It has been a pleasure to spend two months as part of the project living and working with the people of Sipadol and Bhaktapur.
In retrospect my role as a healthcare practitioner here has often been more one of a sports therapist and a personal trainer than I had envisaged. What constitutes the daily grind over here would be seen more as an athletic pursuit in the UK. All through the day you see the village women in their colourful saris and flimsy flip flops bobbing up and down along the near vertical paths through the valley with a giant pile of logs in a basket hanging from their heads.
Sometimes I would ask the patients if their pain was better and would get the reply "a little bit" or often just "no". Initially this would leave me feeling a bit deflated; however, later I started asking how the farm work was going and would get responses like "Oh yes I could harvest a lot more potatoes yesterday"! At this point the penny dropped. It became clear to me that my job was about keeping these folks at the top of their game. The only difference between these hard-grafting subsistence farmers in the steep slopes of the Himalayan foothills and professional athletes is that here the physical exertion comes out of pure necessity. If the potatoes aren't harvested the family will get less food on the table. It would become an ongoing joke in the clinic as I would ask them not to carry too much weight on their heads or stop harvesting the wheat when their back starts to ache and the very next day they would come in saying "it was better before I was working and then...".

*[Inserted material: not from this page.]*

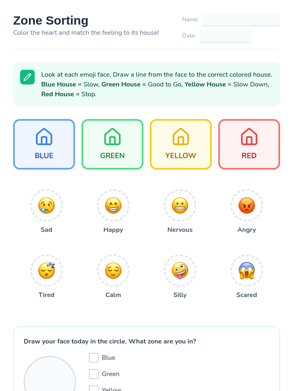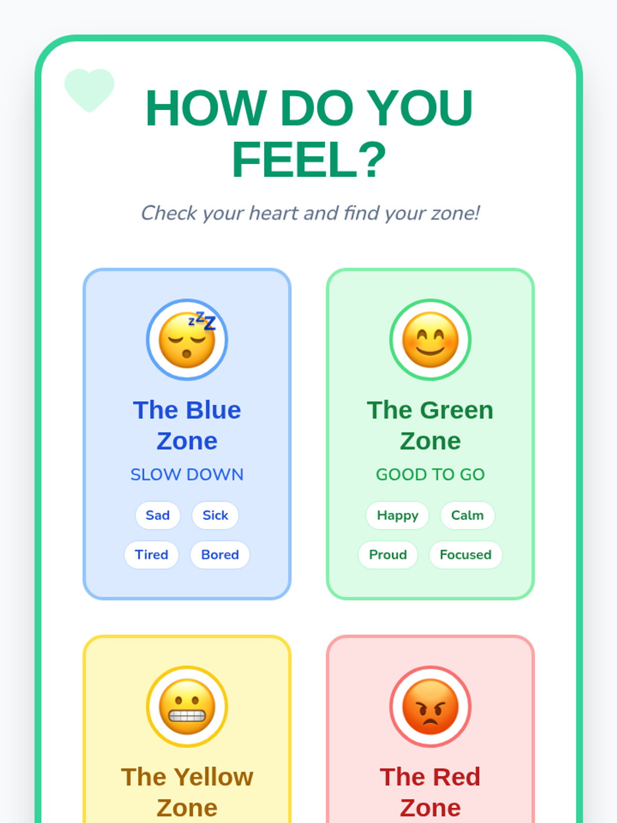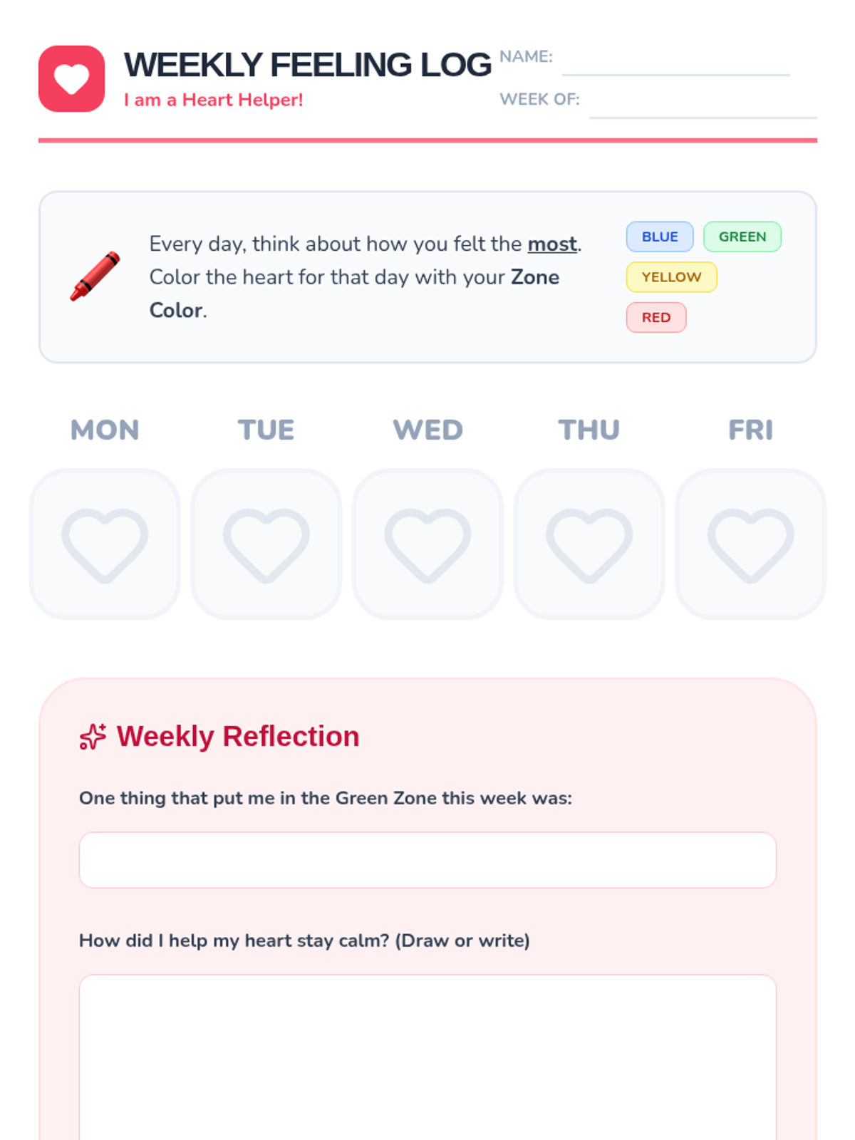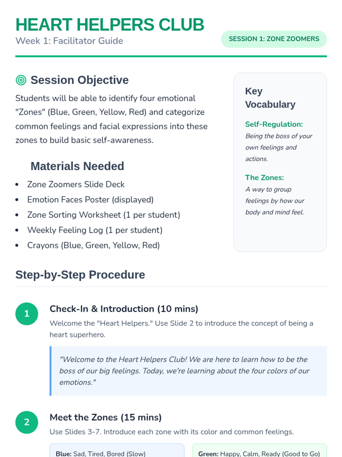 A comprehensive 4-week social-emotional learning curriculum for 1st and 2nd graders. Students learn to identify emotions using the Zones of Regulation, track triggers with a Feelings Thermometer, develop coping strategies, and build respectful friendships.

This said, they would still keep turning up in the morning and with our palms joined together in prayer position we would respectfully "namaste" and then begin our session.
From this point my focus shifted to how to make my treatments last. I started applying sports tape to take the strain off an inflamed achilles or plantar fascia when negotiating the steep trails around the village, I used herbal pastes, compresses and liniments that patients could go away with, I would have mini revelations whilst going for walks in the hills, my quads in full engagement stepping down unforgivably steep paths thinking, "So this is why everyone has knee pain here… Right! So how can I apply this knowledge in the clinic?" To have the time and space to commit to adapting my skills and techniques to the people I was working with was an invaluable opportunity and one which began to pay off in the smiles and waves I would receive around the village.
The most challenging difficulty, which is by no means unique to Nepal but was quite common, is getting people to really connect with what is going on inside their bodies during a session. Many people will have pushed through their chronic pain for so many years that they would not be able to accurately determine where they had their problems. Often they might just point vaguely at their legs, back, neck, arms, head, or all of the above and then just say "dhukksa'" or "pain" in Nepali. The danger of this I felt at times was becoming too focussed on chasing pain. I wanted to avoid the tendency to just stick needles in where it hurts (a frequent request). This could verge on becoming a sort of "cathartic pain exorcism" which I don't find to be of much use to anyone.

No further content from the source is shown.